Thu, Oct 17, 2019 - Page 16 News List

As NBA-China rift continues, James enters spotlight

AP, EL SEGUNDO, California

LeBron James has stepped into the spotlight of the now-strained relationship between the NBA and China with his comments about the league executive, who started the ongoing fallout with what James derided as a “misinformed” tweet.

Politicians, human rights groups and ordinary fans on social media have criticized the outspoken superstar, questioning the motivation of James’ comments.

On Monday, James spoke out, his seven-minute session with reporters putting him squarely in the center of the ongoing international schism.

Houston general manager Daryl Morey was “not really educated on the situation” when he sent out that since-deleted Oct. 4 tweet showing support for Hong Kong’s pro-democracy protests, James said.

On Tuesday, James acknowledged the criticism and said he expected that it would be coming.

“Obviously, it’s a tough situation that we’re all in right now... I think when an issue comes up, if you feel passionate about it or you feel like it’s something you want to talk about, then so be it,” James said. “I also don’t think that every issue should be everybody’s problem as well.”

Monday’s comments unleashed an immediate backlash against James, who has often spoken out on social and political matters, with some expressing dismay that this time he seemed more concerned with protecting his own brand and financial interests in China, where he enjoys enormous popularity.

“I’ve always been welcomed with open arms,” James said. “I’ve been to China probably 15 to 20 times ... to have this beautiful game that we all love to be able to bring people together in the most positive way.”

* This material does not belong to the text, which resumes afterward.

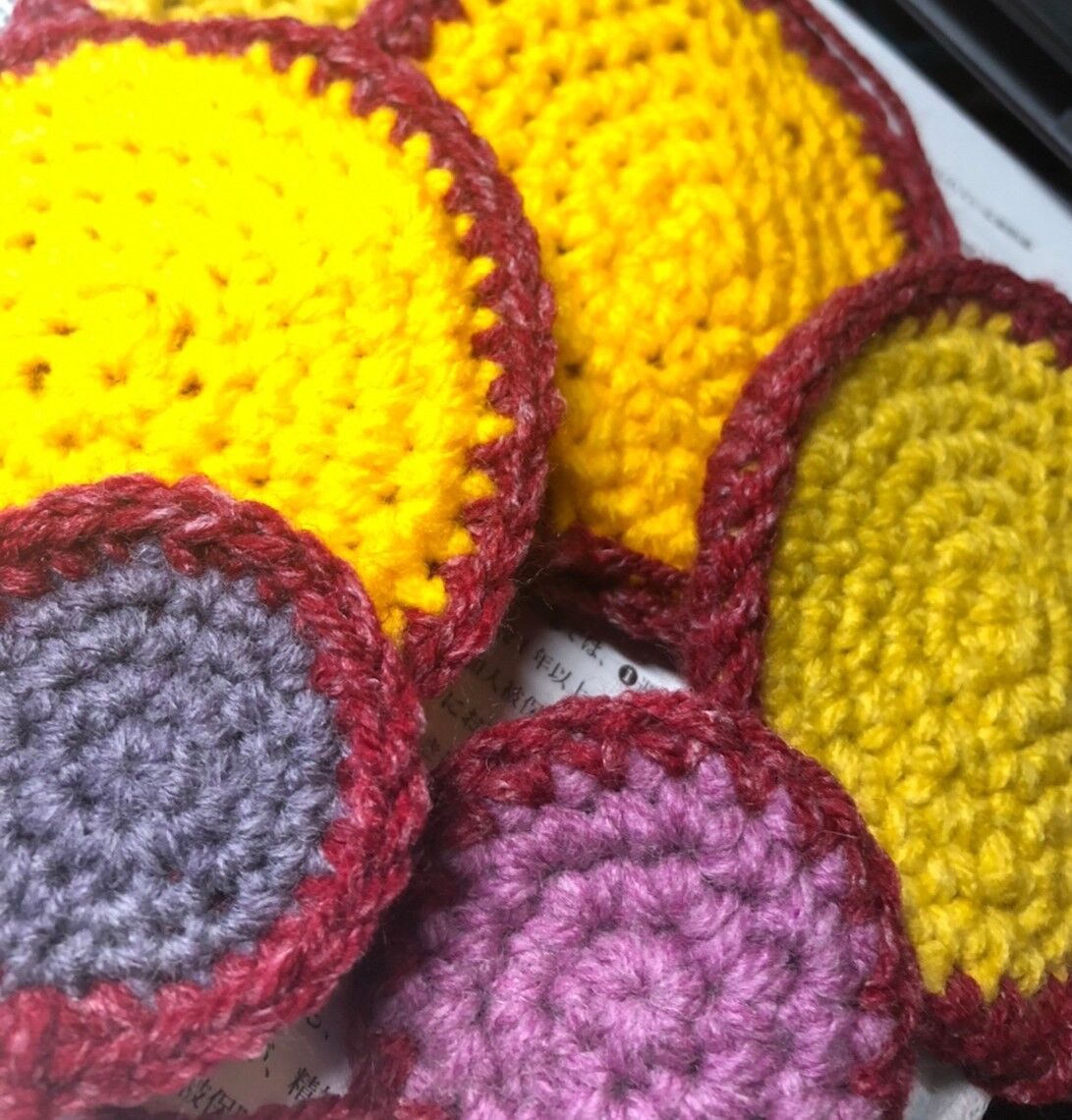 ハンドメイド部は細編みのアクリルたわしから更にレベルアップした「細編みの円」にトライしていました。

That is not the case right now. James was in China last week for the two games between his Los Angeles Lakers and the Brooklyn Nets that were played under the most unusual circumstances: with no pre-game or post-game media sessions — first by decree of the Chinese and then from the NBA — and with several major league Chinese partners pulling their support of the exhibition matchups.

With the Lakers and Nets now home, the rift and debate continues about what the league should have done, reinvigorated by James speaking out.

“The situation ... has flared up again,” said Matt Powell, a sports business analyst at research firm the NPD Group. “LeBron is getting a lot of criticism on social media.”

It was not limited to Twitter.

Protesters in Hong Kong on Tuesday trampled on James’ jerseys, burning one, and threw basketballs at a photograph of the four-time NBA MVP — a global sports icon whose image has taken a clear hit.

Among James’ comments on Monday night, his first publicly shared thoughts on the matter: “So many people could have been harmed, not only financially but emotionally, physically and spiritually” by Morey’s tweet.

James said his reaction to Morey’s tweet was not about substance, but about the Rockets’ executive not considering the ramifications — or the timing — while he and his teammates were in China.